Separate from linkage is the question of how you measure the distance between two individual points. The most common options are Euclidean distance (the straight-line distance between two points, the kind you’d measure with a ruler) and Manhattan distance (the sum of absolute differences along each dimension, like navigating a city grid). Cosine distance measures the angle between two points rather than the gap between them, which is useful when the magnitude of your data matters less than its direction, as in text analysis.

One constraint worth knowing: Ward’s linkage only works with Euclidean distance. The other linkage methods are compatible with any distance metric.

Reading a Dendrogram

The dendrogram is the primary output of agglomerative clustering and the tool you use to interpret results. It’s a branching diagram where each leaf at the bottom represents one data point. As you move upward, branches merge at specific heights, and each merge point represents a step in the algorithm.

The vertical height where two branches join tells you how different those groups were when they merged. Short vertical lines mean the merged clusters were very similar. Long vertical lines mean there was a big jump in distance, suggesting those groups are genuinely distinct. When you see a large gap between merge heights, that’s often a natural place to “cut” the tree and define your clusters.

Reading from the bottom up tells you which individual data points are most similar to each other. Reading from the top down reveals the large-scale structure of your data, showing the major groupings first. One useful detail: the left-to-right order of branches doesn’t matter. Think of the dendrogram like a mobile hanging from the ceiling. The arms can swing freely, so horizontal position is meaningless. Only the vertical height and the branching structure carry information.

Scalability and Performance

Agglomerative clustering has a reputation for being slow on large datasets, and the math backs that up. A basic implementation runs in O(N³) time, meaning if you double your data, processing takes roughly eight times longer. Memory usage scales as O(N²) because the algorithm stores the full distance matrix.

Faster versions exist. Using a heap data structure can bring runtime down to O(N² log N), and an approach called the NN-chain algorithm reaches O(N²), though it still requires O(N²) memory. Some speedups only work with Euclidean distance, so your choice of distance metric can limit your options.

In practical terms, agglomerative clustering handles datasets of a few thousand to tens of thousands of points comfortably on modern hardware. Once you’re working with hundreds of thousands of rows, you’ll likely need to switch to a faster algorithm or use a sampling strategy.

Where It’s Used

Gene expression analysis is one of the classic applications. Researchers use agglomerative clustering to group genes with similar activity patterns across different conditions, helping identify biologically meaningful subsets. For example, microarray data from Barrett’s esophagus patients, covering over 7,300 genes across 10 conditions, can be clustered to differentiate expression profiles across tissue types. Ovarian cancer research has used similar approaches on datasets spanning nearly 3,000 patients across 23 studies to identify molecular subtypes.

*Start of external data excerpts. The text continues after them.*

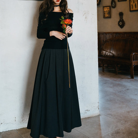 Sold outVendor:DQLSblack lady velvet pleated skirt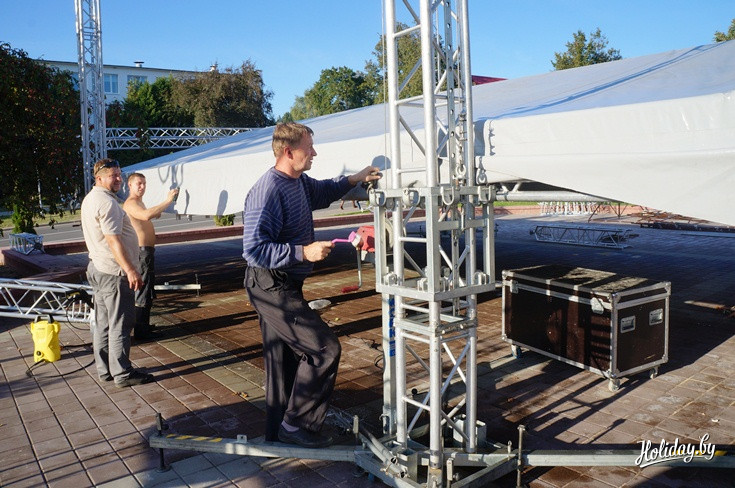 Сегодня, за день до торжества в Заславле устанавливают последние скульптуры, завершают благоустраивать детский парк культуры и отдыха и готовят сцены для артистов.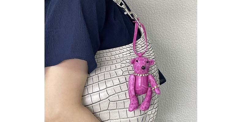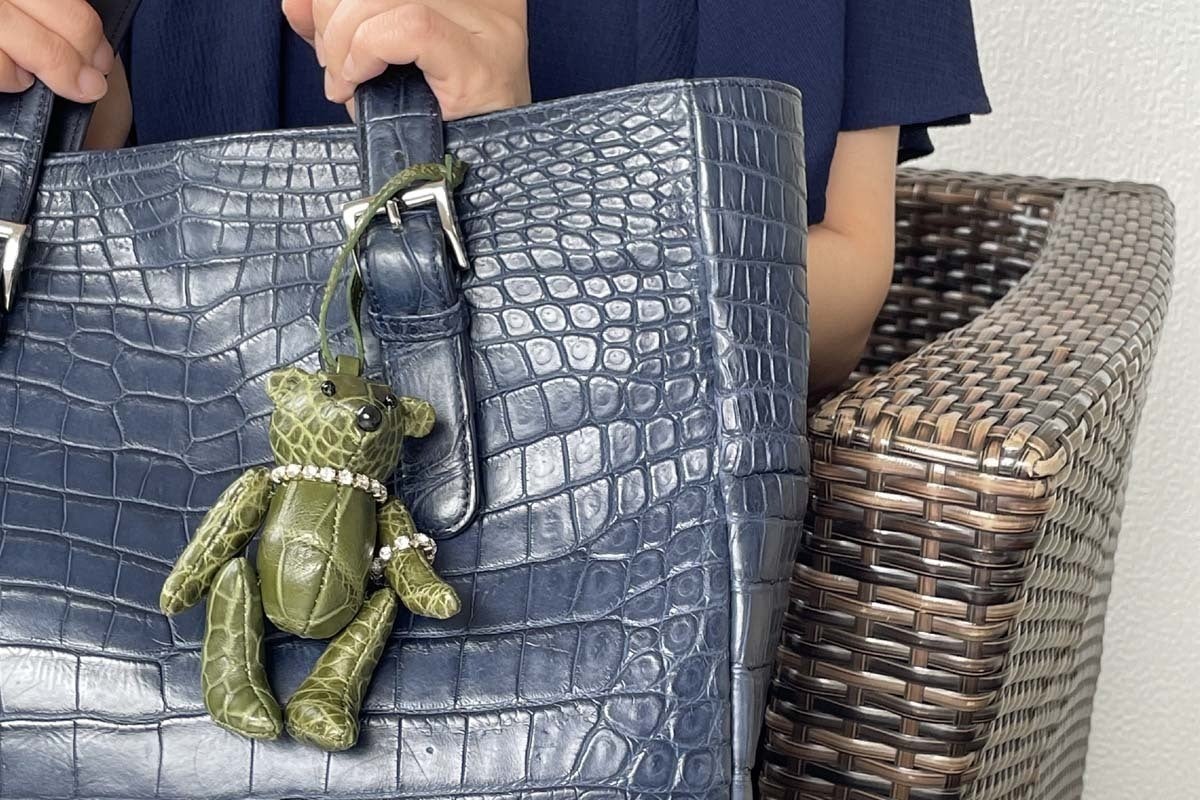 「革の宝石」本物クロコダイル革を使用した熊のバッグチャーム&キーホルダー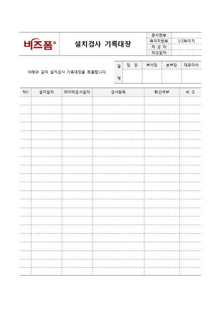 설치검사 기록대장입니다. 물품 등을 설치 후 관리유지를 위해 사용하는 문서로, 설치일자, 마지막 검사일자, 검사항목, 확인여부 등으로 구성되어 있습니다.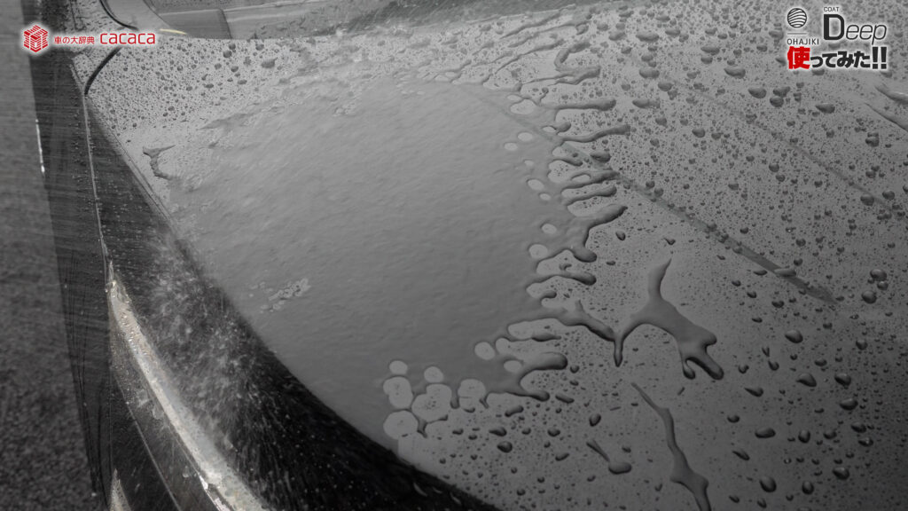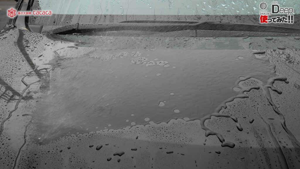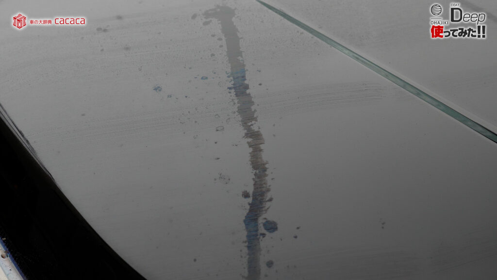 鳥のフンは酸だったり、あと酵素系でコーティングを腐食させたり、なんなら塗装も腐食させることがあるので、ここだけ綺麗に親水状態になってるんですよ。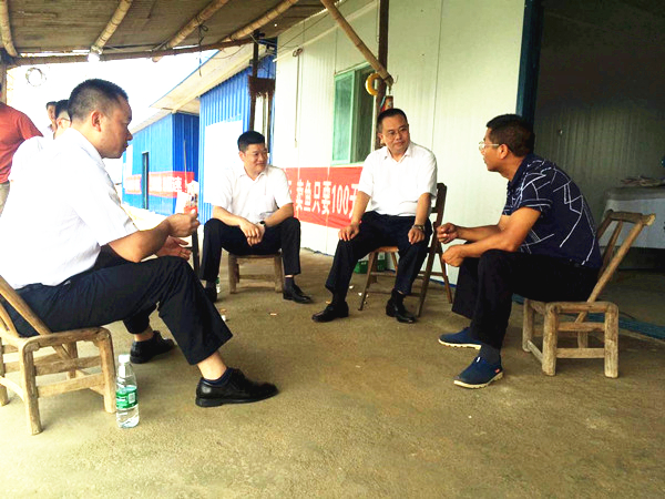 郭異忠總裁一行與當地水產局工作人員交流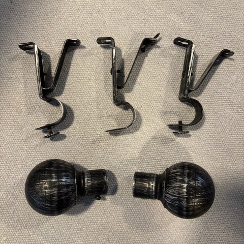 Byttet ut med vanlig stang. Liten bit knakk av på ene festet, men henger fint. Brukt til gardiner som var for tunge for denne typen stang.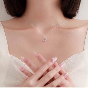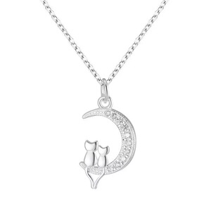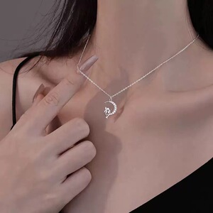 S925纯银月亮上的猫项链女 小众轻奢风吊坠冷淡风锁骨链纯银项链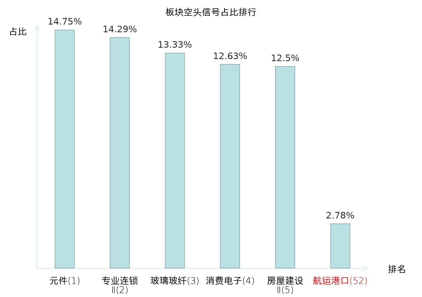 全市场所有行业板块中主力空头信号占比排名中,元件板块位居第一。电机Ⅱ板块名次提升最快,较昨日上升111位。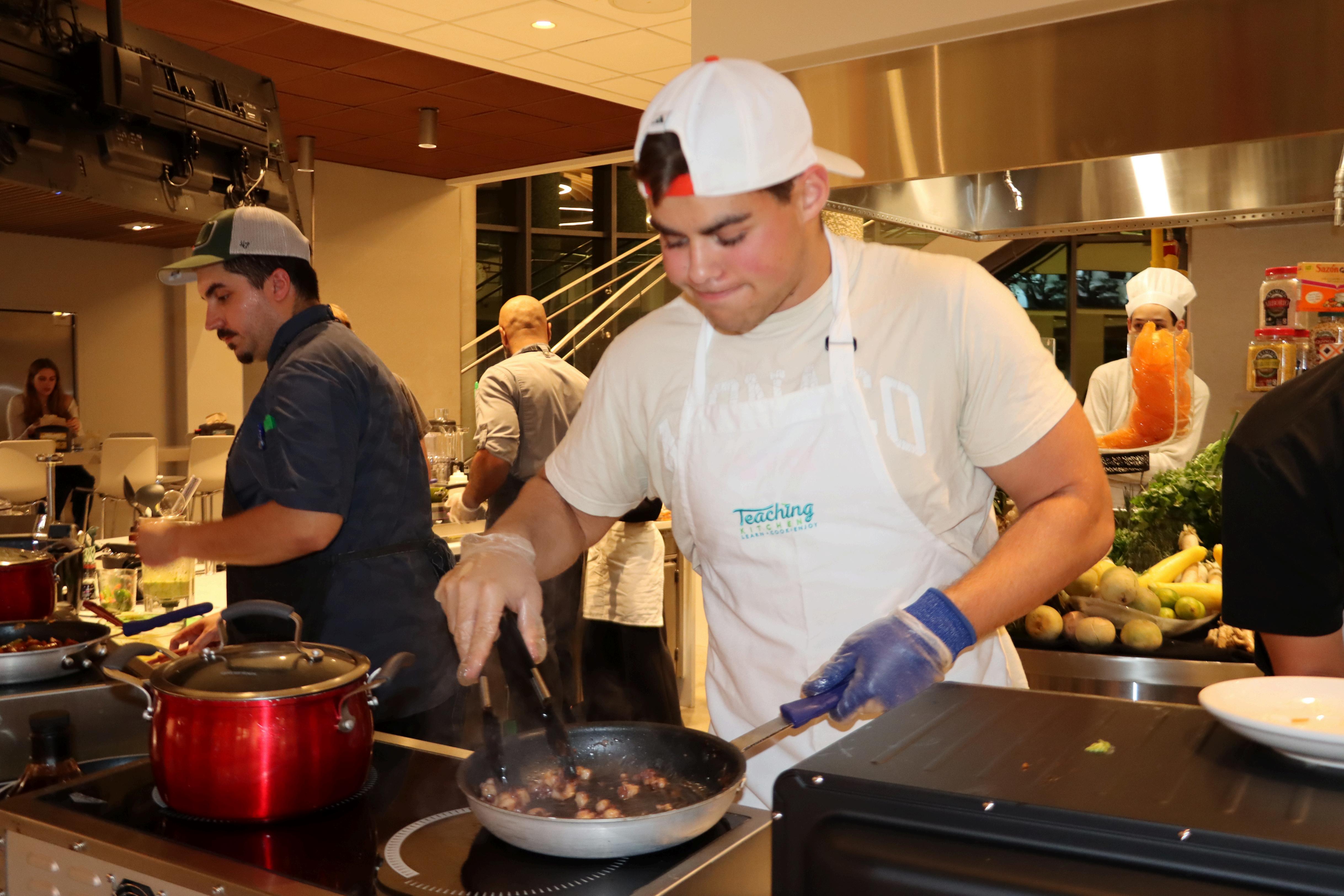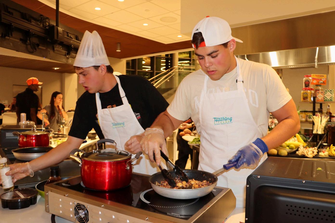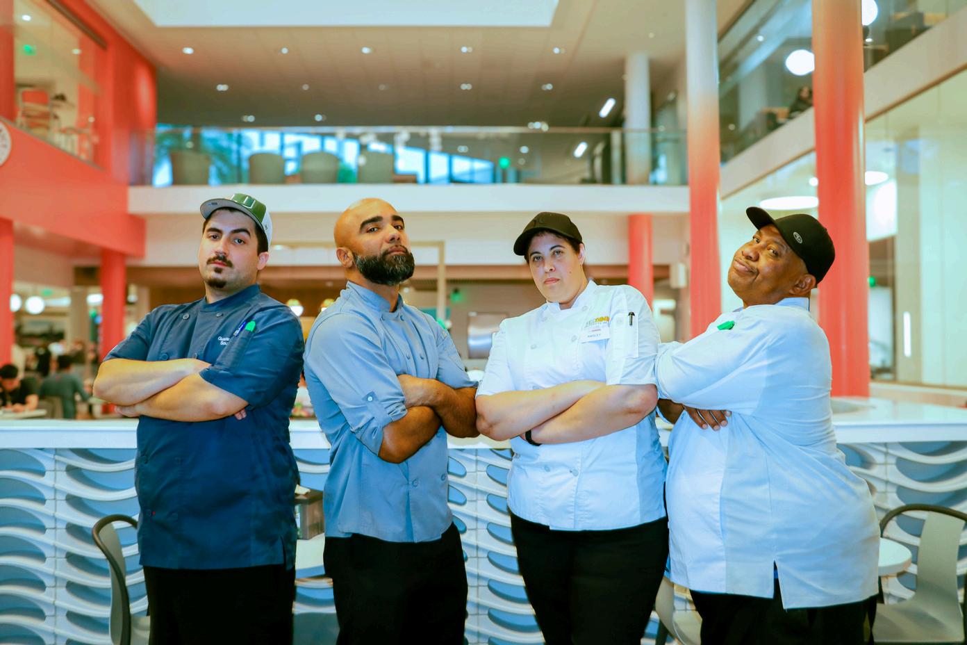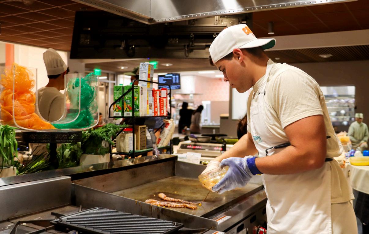 Centennial Village Dining Hall’s ambiance on the day of the event felt like stepping onto the set of Iron Chef. Each team of three had their own station, prepped with everything they might need to prepare their desired dish, from high-quality ingredients to professional-grade tools. Student participants were provided with aprons and hats to even further immerse themselves in the moment. With the competition’s fast-paced nature, its twists and turns and its professional setup, it truly felt like a scene out of Food Network.

Beyond genomics, agglomerative clustering appears in customer segmentation, document grouping, image analysis, and any setting where you want to explore the natural structure of your data without committing to a specific number of groups in advance. Its hierarchical output makes it particularly valuable in exploratory analysis, where you’re still figuring out what patterns exist.

Implementation in Python

The most common implementation is scikit-learn’s AgglomerativeClustering class. The key parameters mirror the concepts above: n_clusters sets how many groups you want (defaulting to 2), linkage controls the merge strategy (defaulting to Ward’s method), and metric specifies the distance measure (defaulting to Euclidean). You can also set n_clusters to None and use a distance_threshold instead, which cuts the dendrogram at a specific height rather than a specific number of groups.

For generating the full dendrogram visualization, scikit-learn pairs with SciPy’s dendrogram function, which renders the tree diagram and lets you visually inspect where to make the cut.